I have two tables. ing_master is a master list of ingredients; pdet is a product table, with an ingredients field formatted as json array.
For each product's ingredient list in pdet, I want to extract all individual ingredients that match a value in the ing_master table.
So far, I've found that JSON_ARRAYAGG()(plus a regexp_replace() to remove line breaks) works to convert the ing_master table into a json array for the comparison, and I've gotten the two tables into the same query via a left join on a fake ID field and grouping on product.
I'm attempting to use json_search to find all the path locations in the pdet ingredients field that match values in the ingredients_master table array, plus json_extract to take those path locations and return the matched ingredients:
SELECT sync_sku,a.ingAll,
json_extract(json_search(JSON_ARRAYAGG(regexp_replace(s.ingName,'\\r','')),'all',a.ingAll),a.ingAll) as ingMatch
FROM pdet a
LEFT JOIN ing_master s
ON s.fakeMatch = 0
GROUP BY a.sync_sku
This query is running without errors, but I'm getting all NULL on the matched ingredients, even for rows where I know there should be an exact match.
pdet
| sync_sku | ingAll |
|---|---|
| 1 | ["potato","lemon"] |
| 2 | ["apple","banana","orange"] |
| 3 | ["potato","banana","orangutan"] |
ing_master
| fakeMatch | ingName |
|---|---|
| 0 | lemon |
| 0 | banana |
| 0 | orange |
| 0 | apple |
query result
| sync_sku | ingAll | ingMatch |
|---|---|---|
| 1 | ["potato","lemon"] | ["lemon"] |
| 2 | ["apple","banana","orange"] | ["apple","banana","orange"] |
| 3 | ["potato","banana","orangutan"] | ["banana"] |
I've been reading through the documentation and while there are a lot of tools and examples for finding and extracting json values with static search keys (I've read through the oft-recommended "how do I extract values from a json array in mariadb or mysql" post a couple times)
--I can't find much on extracting matched values between two arrays like this. There's the json_overlaps function, but I don't want a true/false on the field, I want an array of the specific matched values by product.

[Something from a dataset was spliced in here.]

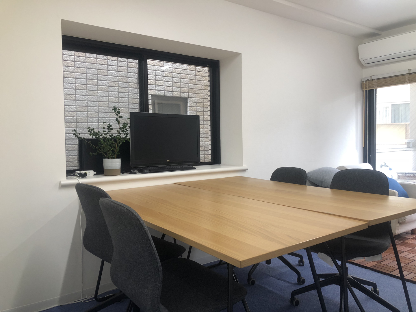 打ち合わせで使用するミーティングスペースです。弊社では毎週の月曜朝に全体MTGを行っています。

Is there a way to get the info I need?
To perform well with many rows in ing_master, you'll want an index on ingName and to use json_table to expand the array and join ing_master for each ingredient, then reaggregate:
select sync_sku, json_arrayagg(im.ingName order by ing.order_id) ings
from pdet
cross join
json_table(
pdet.ingAll,
'$[*]' columns (
order_id for ordinality,
ingName varchar(16) path '$'
)
) ing
inner join ing_master im using (ingName)
group by sync_sku
That will lose any rows with no ingredients found. To report them with an empty array, you need a left join of the inner join, and extra code in the select to avoid returning [null]:
select sync_sku, if(count(ingName),json_arrayagg(ingName order by ing.order_id),json_array()) ings
from pdet
left join (
json_table(
pdet.ingAll,
'$[*]' columns (
order_id for ordinality,
ingName varchar(16) path '$'
)
) ing
inner join ing_master im using (ingName)
) on im.ingName is not null
group by sync_sku
Note that MySQL's json_arrayagg doesn't have an order by clause (or limit or distinct) like MariaDB does. And MariaDB doesn't allow it as a window function yet, though MySQL does. Just another example of how they have sometimes implemented the same new feature in excitingly incompatible ways since the fork.